En l'an 2000, un quart des informations consignées dans le monde existait au format numérique. En seulement 13 ans, ce taux est passé à 98%. Les espaces numériques, encore tout à fait facultatifs au début du siècle, ont pris une place centrale dans les activités humaines, y compris culturelles.
Dans ce monde numérique, les espaces socionumériques (les réseaux sociaux) représentent un phénomène en soi, avec un taux de pénétration de 80,3 % de la population française avec 52,60 millions d’utilisateurs actifs en janvier 2022 contre 58,4% au niveau mondial (We Are Social, Hootsuite, 2022). Dans ce contexte, un véritable processus de "mise en données" du monde (ou "Datafication"1) est à l’œuvre, et dont les implications sont encore insoupçonnées : "numériser non plus des documents, mais tous les aspects de la vie."

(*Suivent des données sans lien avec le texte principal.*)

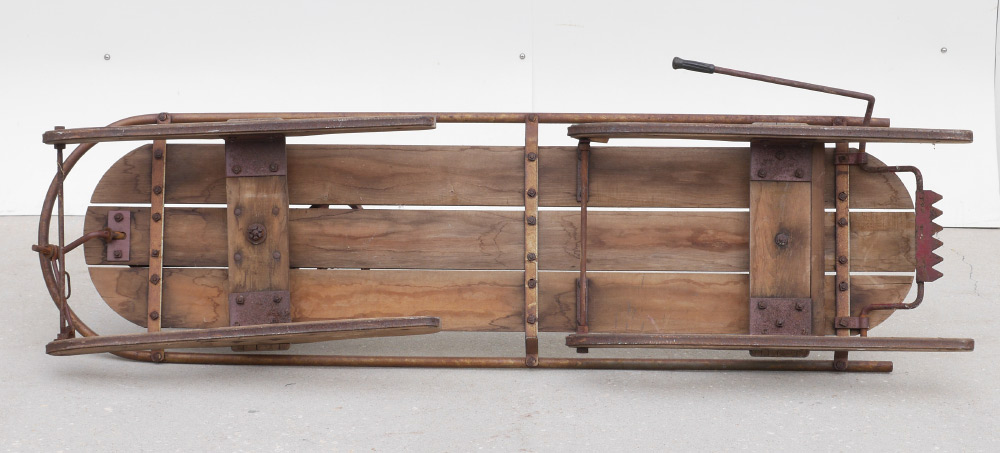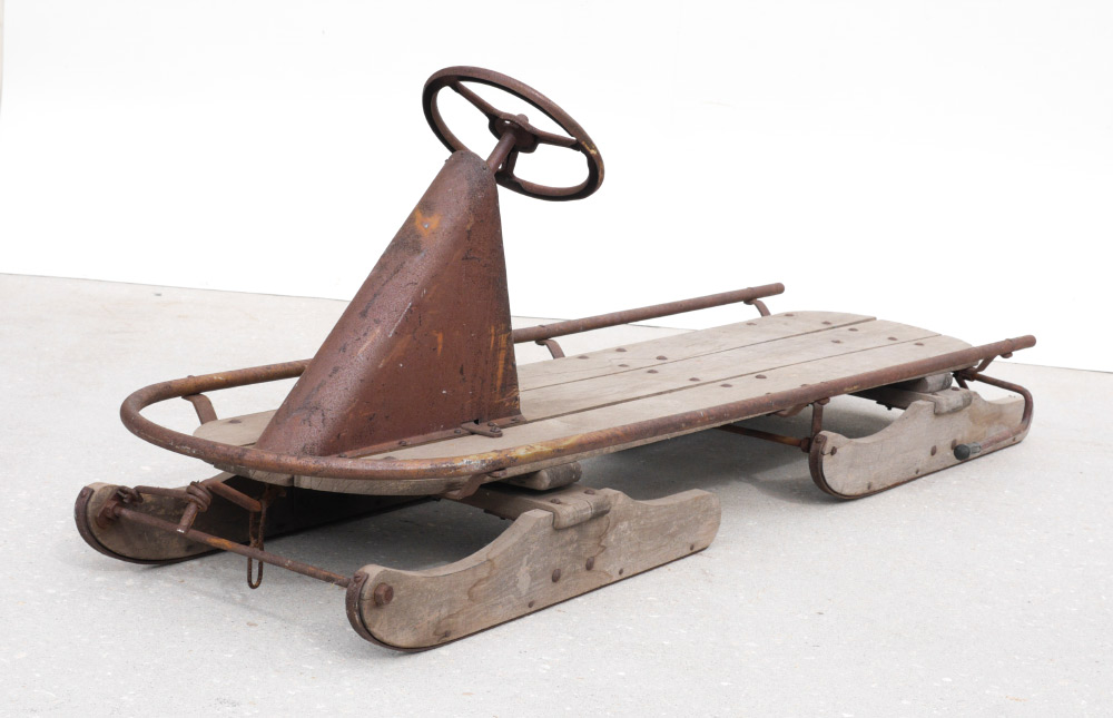 ANTIQUE SLED WITH STEERING WHEEL: Wood base and runners, metal steering wheel, shaft cover, safety bar and back brake handle. Overall 22 1/2'' h. x 62'' x 17''. Provenance: Ben Garcia (Otok Ben-Hvar), Estate
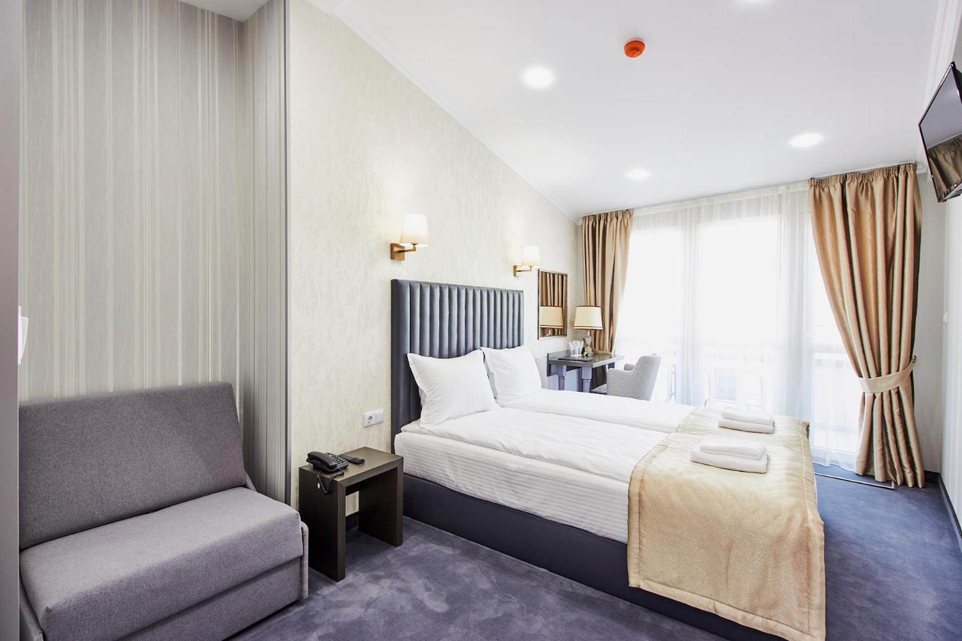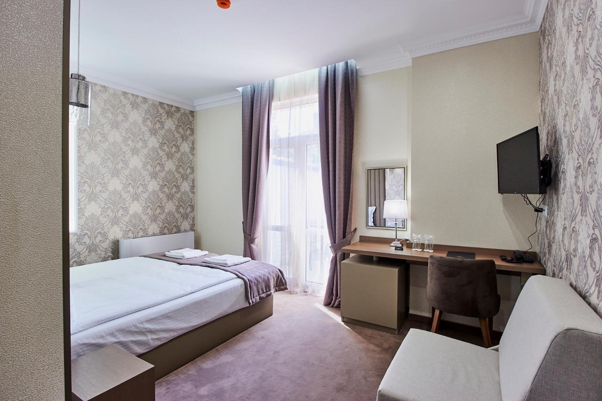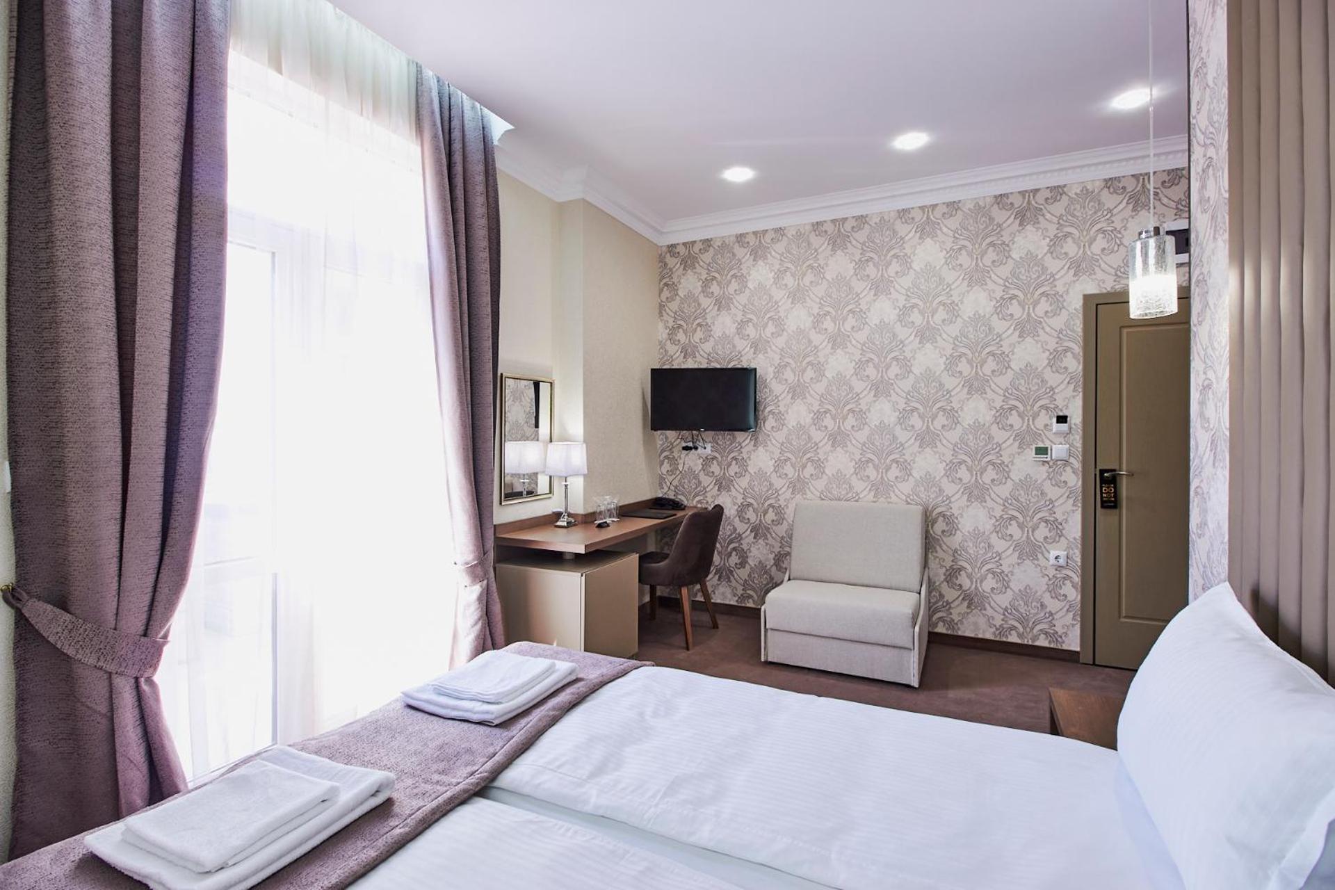Хотел Паризи, nestled in Kazanlŭk, offers a luxurious stay just 32 km from Mall Galleria. The 3-star hotel boasts a serene garden, free private parking, a charming terrace, and a cozy bar. Guests can enjoy the convenience of free WiFi and impeccable room service. Each room features a desk, a modern private bathroom with complimentary toiletries, a flat-screen TV, and refreshing air conditioning. Some rooms even offer a delightful balcony to unwind. Bed linen and towels are provided for a comfortable stay.
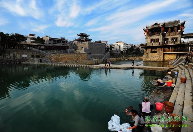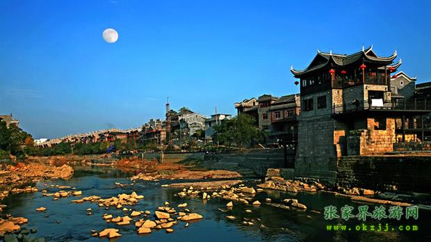 乾州古城城池小巧玲瓏,石城墻垣逶迤回環(huán)1980m,高5m,方溶江穿城而過(guò),沿江古街上被歷代行人的腳磨得光亮的青石板,既自然又精巧地鑲嵌著,沿街建有苗族特有的民宅——吊腳樓,具有濃郁的民族風(fēng)格。
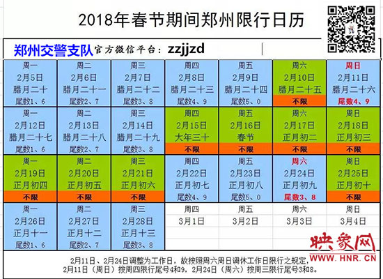映象網訊(記者 秦雯)2018年春節(jié)長假從2月15日開始至2月21日結束,共7天,春節(jié)將至,為了確保在市民人流、車流、物流最密集的時段可以安全出行。2月5日,記者從鄭州市交警支隊了解到:2月15日至2月21日春節(jié)七天長假期間,鄭州市區(qū)三環(huán)以內所有機動車尾號不限行,但2月11日(星期日)、2月24日(星期六)上班,因法定節(jié)假日放假調休而調整為上班的周六、周日,按對應調休的工作日限行,因此2月11日(周日)按周四限行規(guī)定,限行尾號4和9;2月24日(周六)按周三限行規(guī)定,限行尾號3和8。
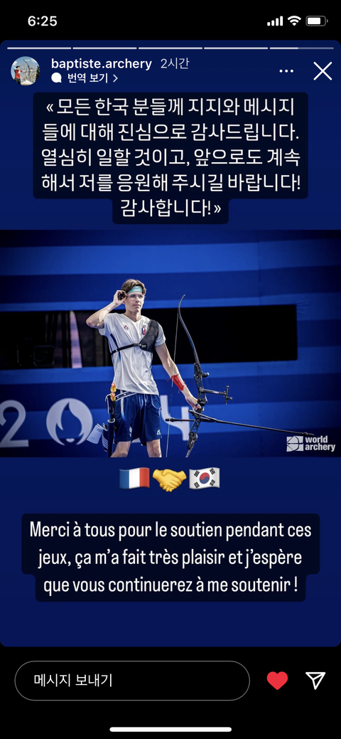 프랑스 양궁남 아디스 또 한국어로 스토리 올림
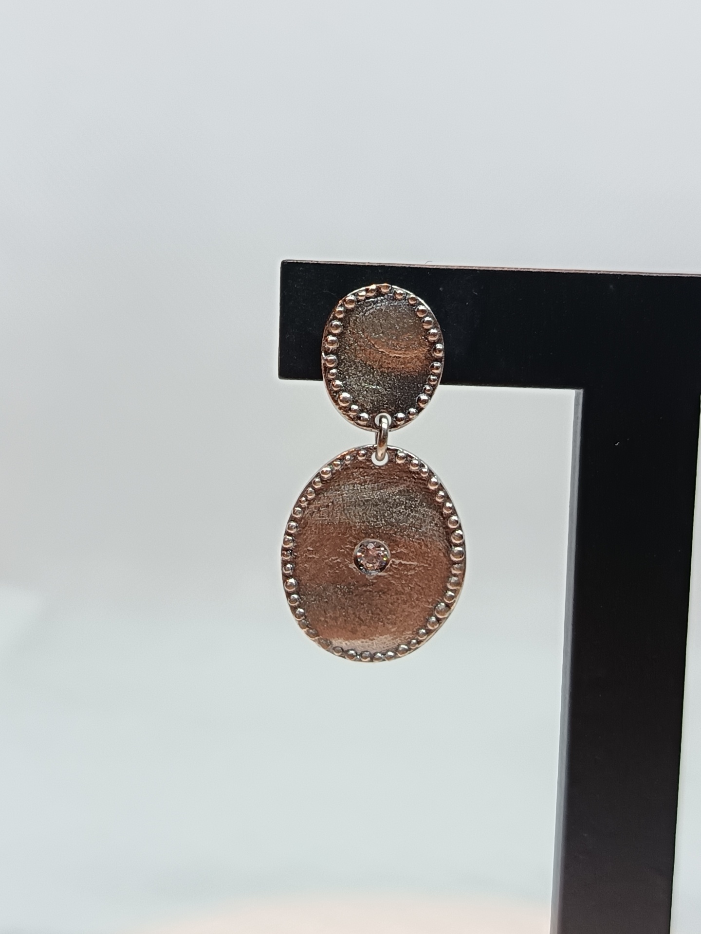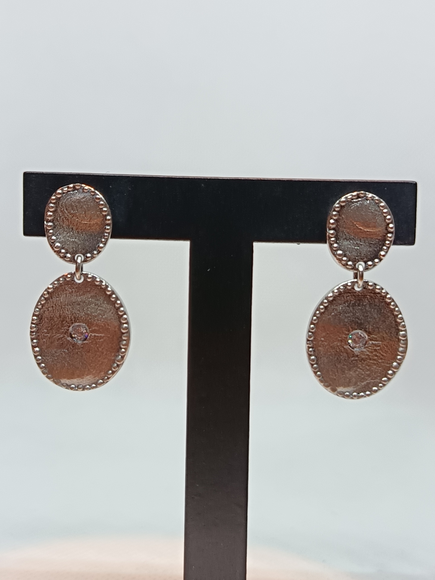 Brincos prateados ovais com pedras centrais em suporte preto
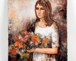 "Offering Flowers" by Celine, Woman with Bouquet, Oil Painting on Canvas, 20x16
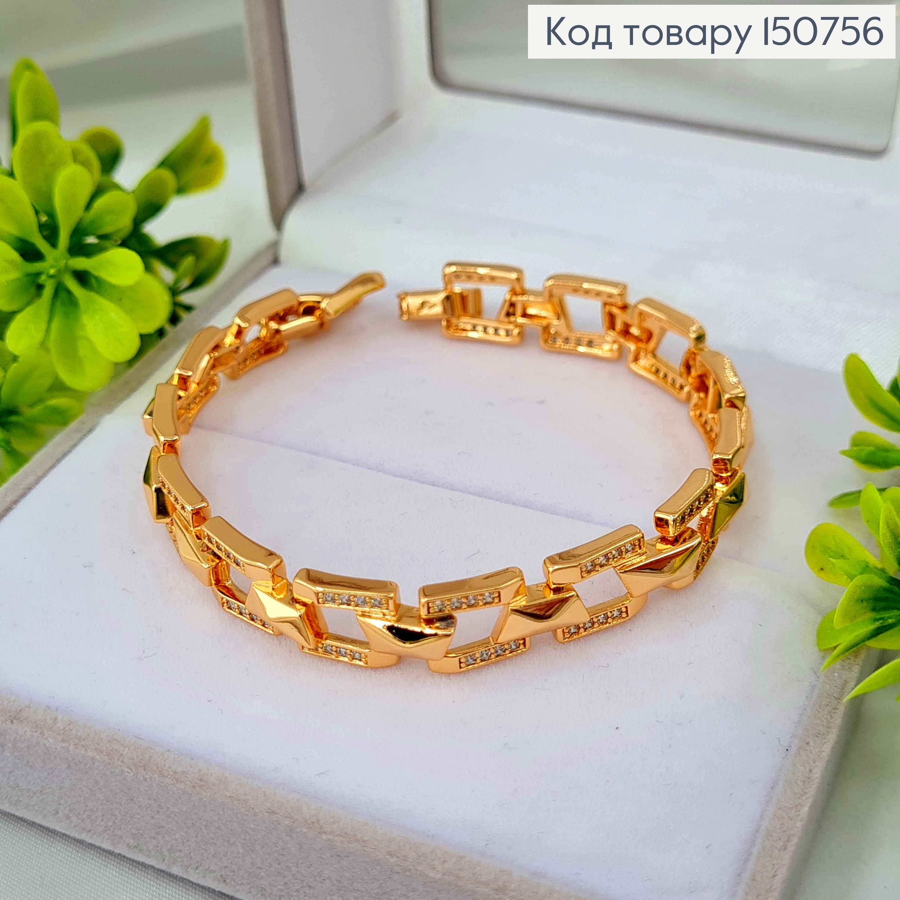 Браслет плетения фигурными пластинками в Блестящих камнях, длина 17+2см, Xuping 18K 151293 фото

"Data brokers, les courtiers de nos données (lien externe)", l'épisode du 7 juillet 2018 de l'émission de France Inter "Tout est numérique", présente l’ampleur du commerce réalisé autour de ces données semées à chaque instant de notre activité numérique, notamment par les Data Brokers. Ces courtiers en données sont spécialisés dans la collecte, l’achat et la vente de données sur des personnes ou des organisations. Ces données englobent une large variété d’informations, allant des données démographiques aux comportements de consommation, en passant par les habitudes de navigation sur Internet, les informations financières et les historiques d’achats. Les data brokers obtiennent ces informations à partir de sources publiques, telles que les registres gouvernementaux, les listes électorales et les informations disponibles sur les réseaux sociaux mais aussi des données commerciales recueillies via des transactions, des programmes de fidélité ou des enquêtes de satisfaction. De plus, ils collectent des données numériques par le biais de cookies, d’applications mobiles, de sites web et de plateformes de médias sociaux. Cette "mise en données" massive porte en elle une véritable idéologie, à en croire Jeff Brookes, éditorialiste du New York Times : l’idée que “tout ce qui est mesurable devrait l’être” et que la donnée pourrait nous aider à faire des choses aussi remarquables que de "prédire le futur".